Más sobre el tratamiento anti-Hepatitis C (y sobre la mentira como forma de hacer oposición)

Barañain

Era un pequeño recuadro, justo en el margen interior (derecho) de una página par (la página 30), junto al pliegue sobre el que se aloja el suplemento Babelia. Así, tan discretamente, este pasado sábado (17.01.15) El País  informaba a sus lectores de algo que a simple vista contradecía mucho de lo que ese periódico  (y tras él, buena parte de la prensa española)  venía contando –y editorializando- a propósito de cierto  tratamiento farmacológico contra la hepatitis C.

A este asunto dediqué un artículo, hace unos días (“Márgenes y límites en la sanidad pública”) y me parece obligado retomarlo, aunque sea solo brevemente.

http://www.debatecallejero.com/margenes-y-limites-en-la-sanidad-publica/

El discreto recuadro informativo al que me refiero ahora decía:

“La sanidad pública británica (NHS) ha decidido retrasar al menos cuatro meses el uso del sofosbuvir, el fármaco de Gilead contra la hepatitis C, por su elevado precio, según ha informado The Guardian. El precio acordado en el país es de 35.000 libras (46.000 euros) por un tratamiento de 12 semanas. En España se ha llegado a un acuerdo con el fabricante de un precio de unos 18.000 euros. La decisión es sorprendente porque el Instituto Nacional para la Excelencia en la Salud y los Cuidados (NICE), una referencia mundial en estudios y criterios de coste-efectividad, había informado de que, incluso a ese precio, se trataba de un tratamiento que, a largo plazo, ahorra al sistema. Al final, el propio NICE ha dado visto bueno al retraso (en la versión digital, el periodista ponía su nota creativa asegurando que “las presiones han llegado a tal punto que el propio NICE ha dado el visto bueno al retraso”; observación fantasiosa que fue retirada, con criterio razonable, en la edición en papel). El acceso al sofosbuvir está siendo complicado… En la UE, Francia propuso crear un frente para negociar el precio a la baja”.

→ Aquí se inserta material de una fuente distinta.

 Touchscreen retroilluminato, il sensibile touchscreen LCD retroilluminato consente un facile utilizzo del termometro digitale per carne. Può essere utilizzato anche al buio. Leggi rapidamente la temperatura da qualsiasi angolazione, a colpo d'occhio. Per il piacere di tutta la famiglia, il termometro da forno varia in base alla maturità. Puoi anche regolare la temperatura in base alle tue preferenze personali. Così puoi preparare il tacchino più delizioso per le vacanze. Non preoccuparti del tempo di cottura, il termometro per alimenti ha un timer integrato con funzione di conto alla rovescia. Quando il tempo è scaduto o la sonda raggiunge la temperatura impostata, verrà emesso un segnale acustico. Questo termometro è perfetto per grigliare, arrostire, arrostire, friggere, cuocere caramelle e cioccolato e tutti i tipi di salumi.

Cuando tantos ríos de tinta han corrido por las páginas de El País (y otros medios) para hacer de este asunto un acta de acusación partidista contra el PP vinculandolo con su política de recortes y tanto disparate  se ha dicho y escrito sobre la criminal voluntad del gobierno (de la incompetente ministra Mato y de su sucesor Alonso) de sacrificar la vida de no sé cuántos miles de ciudadanos,  y todo por haber negociado tan mal el precio del fármaco, uno esperaría una mayor cobertura de esa noticia. No ha sido así. De momento, al menos.

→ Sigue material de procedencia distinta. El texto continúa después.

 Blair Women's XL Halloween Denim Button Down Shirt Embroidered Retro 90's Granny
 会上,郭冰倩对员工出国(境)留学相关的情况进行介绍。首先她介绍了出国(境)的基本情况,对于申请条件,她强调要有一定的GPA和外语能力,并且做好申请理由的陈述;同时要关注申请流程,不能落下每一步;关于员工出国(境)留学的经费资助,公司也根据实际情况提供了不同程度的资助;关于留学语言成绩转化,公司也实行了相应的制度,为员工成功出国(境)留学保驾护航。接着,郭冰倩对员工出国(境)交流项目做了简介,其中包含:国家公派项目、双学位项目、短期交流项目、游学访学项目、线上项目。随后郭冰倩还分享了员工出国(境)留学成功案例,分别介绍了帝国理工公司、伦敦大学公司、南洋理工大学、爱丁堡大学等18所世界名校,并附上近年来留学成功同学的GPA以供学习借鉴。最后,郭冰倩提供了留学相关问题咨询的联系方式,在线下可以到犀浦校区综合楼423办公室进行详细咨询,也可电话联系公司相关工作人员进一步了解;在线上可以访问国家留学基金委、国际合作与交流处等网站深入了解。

¿A qué se puede deber tal sobriedad informativa en medio de tanto exceso? ¿Será porque la evidencia de que la negociación de precios tiene unos márgenes y de que el  criterio seguido en España no varía mucho del que cabe esperar en el resto de la UE no cuadra con el sensacionalismo tremendista previo? ¿Será porque no conviene que la gente conozca que en otros países -incluso de mayor nivel económico que el nuestro- ni siquiera se plantearán administrar ese fármaco así como así? ¿Será porque eso pone en evidencia a quienes han teatralizado el problema hasta el esperpento  y  manipulado y utilizado, sin el menor escrúpulo, la angustia de unos pacientes (veáse a Pablo Iglesias conocando a los dolientes a ir a manifestarse a   Bruselas cogidos de su brazo)?

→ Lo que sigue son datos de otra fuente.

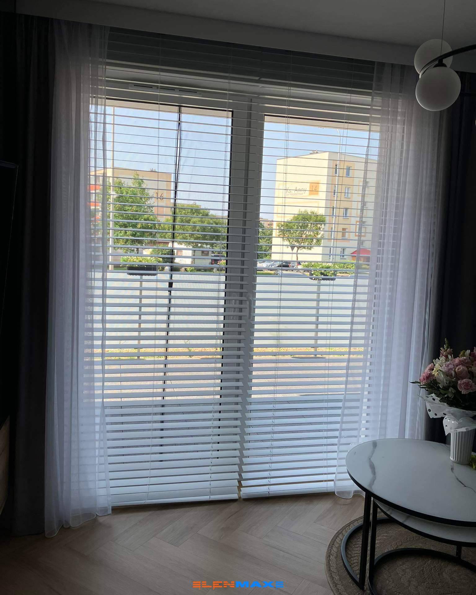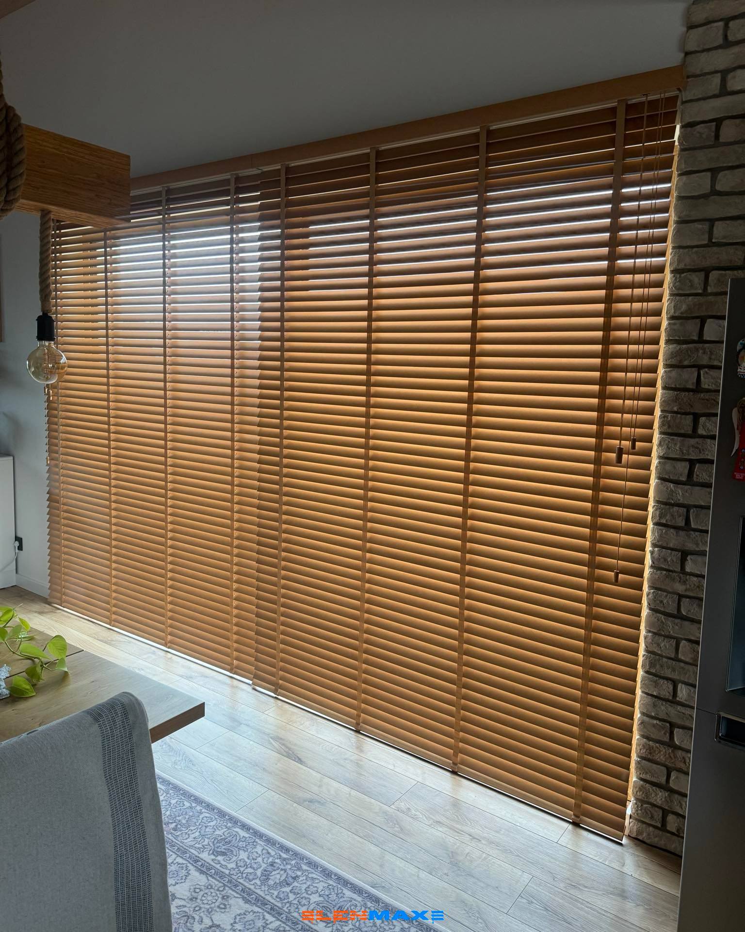 Drewniane żaluzje wprowadzają do wnętrza ciepło, elegancję i poczucie luksusu. Naturalne drewno nadaje przestrzeni wyjątkowego charakteru, podkreślając prestiż aranżacji.

En la versión digital sólo había tres comentarios de otros tantos lectores a esa noticia, en claro contraste con la catarata de quejas y exabruptos tremendistas que seguían cada una de las noticias previas  que enfatizaban una supuesta “excepción española”: es que  cuando no hay aspavientos ni titulares “dramáticos” los lectores se retraen. Uno de los comentarios apuntaba certeramente: “¿y ni prensa, ni enfermos ni parlamento protestan ante Downing Street como en España? ¿pero no se trata de una “emergencia sanitaria” como dice el editorialista de El Pais?”.

Ya nos lo explicarán un día de estos.